She Neglected Her Child - I Want her Back

Visitor's Question from a 31-40 year old Person
My ex broke up with me almost 2 months ago. We were together for 8 months. We had been living together with her 3 yr old child for 7 months and we got engaged after 5 months. When we first met she wasnt looking for a relationship because she had just got out of a 5 yr bad realationship with her ex. We imediatly fell in love with eachother after the first month.

I feel in love with her and her child. This relationship was so awesome. Everything seemed too perfect. We did have some ups and downs, but got over them really quick. I did everything I could to make her and her child happy. I even moved away to be with her. I left all my friends to show her that her and her son where my number one priority. I devoted the rest of my live to her and him.

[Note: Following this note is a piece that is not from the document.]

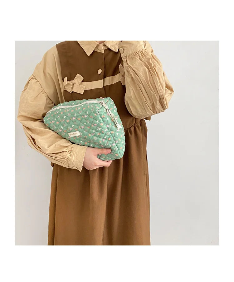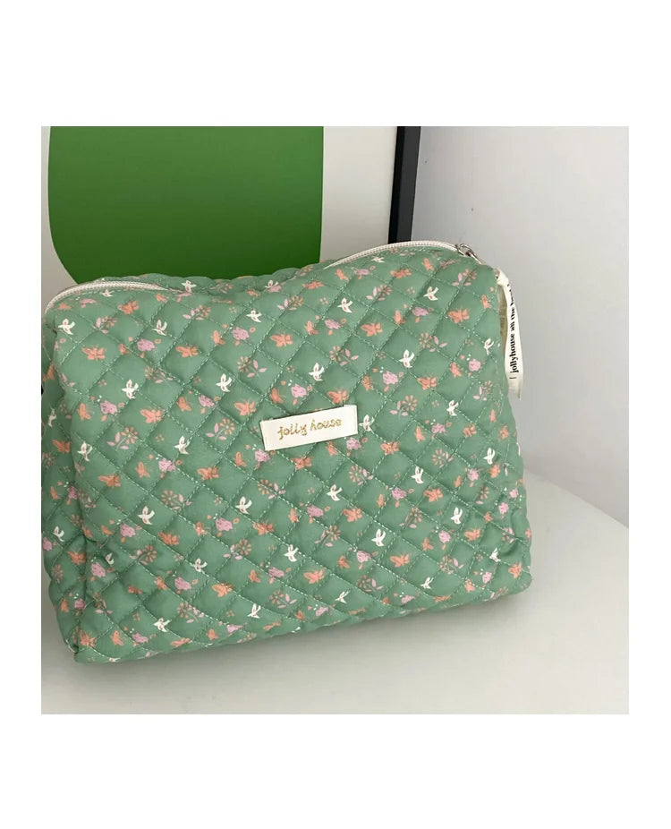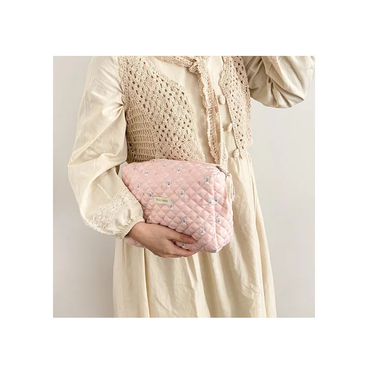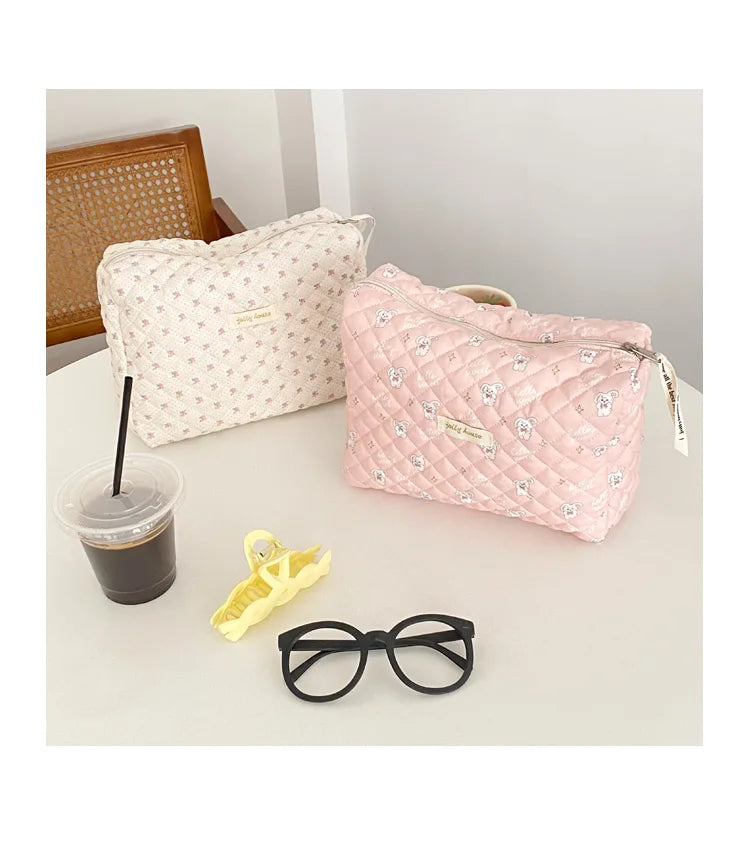 The bag features a convenient zipper closure, ensuring that your cosmetics stay secure and organized at all times. With its spacious interior, you can easily fit all your makeup essentials, making it the ideal travel companion. Upgrade your makeup game with the Quilted Soft Cotton Cosmetic Organizer bag.

So here's what it comes down to, it was a about a month before she broke up with me. Her son had came back from a weekend at his father and he started being really violent to me. I didn't know how to react, so I just ignored it. We went to the store on day and he was being terrible so I told him that I wasnt going to buy him any more toys.(I never would discipine him). I said that hoping he would stop. That made my ex upset but she didnt tell me at that point it did. Her son and I made up after that, and we were best friends again.

My ex and I decided one day that we wanted to smoke pot again, I haven't smoked it in 4 yrs, and she hadn't smoked it in about a year, so we did. This is when the problem really started happening. We were doing it in front of her child which I knew was wrong. She was doing it like 3 times a day, we hardly talked. She was always just passing out. One day she got off work we started smoking her son came up to us and asked us what we were doing. My ex just told him to go back to his room and play his video games. Thats when I had to make an end to this. So I took the stuff and threw it away. That pissed her off.

Later on that night we were arguing and then she told me I had to go. She couldnt live with me anymore and told me she didnt see us getting married. So I left. She told her sister a week later the reason she had broke up with me was because I had threatened her child by saying I wouldnt buy him anymore toys. That is a pretty lame break up.

She will not give me any answers, she doesnt want to see me or talk to me. So 2 weeks after we broke up she moved back in with her ex of 5 yrs. This is the guy she swore on her childs life she would never go back too. I think the only reason she did that is because he smokes also and she can do it whenever she wants too. Also I believe she can't live alone.

Now she wont even talk to her family anymore. I think she is embarrassed that they know that she is back with him and she doesnt want to her BS about it. I know she still loves me. Thats why she doesnt want to see or speak with me cause it will make her want to come back. She is acting hard right now.

I miss and love her and her child so much it is killing me. I just want a chance to sit down and talk to her. She wont give me that chance. What should I do? I really cant move on because I know her ex is going to start doing the same old possive things to her. I already know she doesnt go out anymore just stays at the house taking care of her child and his child.

How do I get her to talk to me? Please help me. I know this isnt the end of her and I relationship.




RomanceClass.com Advice
The reason that drugs are so dangerous is that they take over your rational behavior and you start doing things because of the drugs and not because they're right. I agree with you completely on all counts. First, she was endangering her child with her behavior. She tells him to play video games so she can get high? She accuses you of harming her child by NOT BUYING HIM TOYS WHEN HE'S THROWING A TANTRUM???? Toys aren't a god-given right for any child! Toys should be a special treat, they should not be a required part of the child's daily life. She is on one hand abandoning her child while she does drugs and on the other hand wants to "buy the kid off" with presents to make up for it. That is REALLY unhealthy.

So then you called her on it and told her to act like an adult and a mother. Instead, she lies, runs back to a guy that also does drugs and puts herself AND her child into a bad situation. Just what sorts of lessons is the child learning about life in that household? How can the child possibly grow up into a healthy adult with the lessons he is learning? Can she really think this is good for her child OR for her?

Yes she might have taken the EASY choice. But life is NOT EASY. Life is about doing what is right, even though it's hard, and standing by that decision. Nobody said life is about 24 hours a day of fun in the sun. But if you destroy a child's life to get your quick kicks, that's pretty low.

I would tell her that she owes it to you, after all the time you spent together, to sit down and go over this just for ONE EVENING. Is she going to run and hide from everything in life? Is that her solution to difficult situations? Is she going to teach this technique to her child too? It's time for her to start taking responsibility for herself, for her actions, and her child - before she damages the child forever.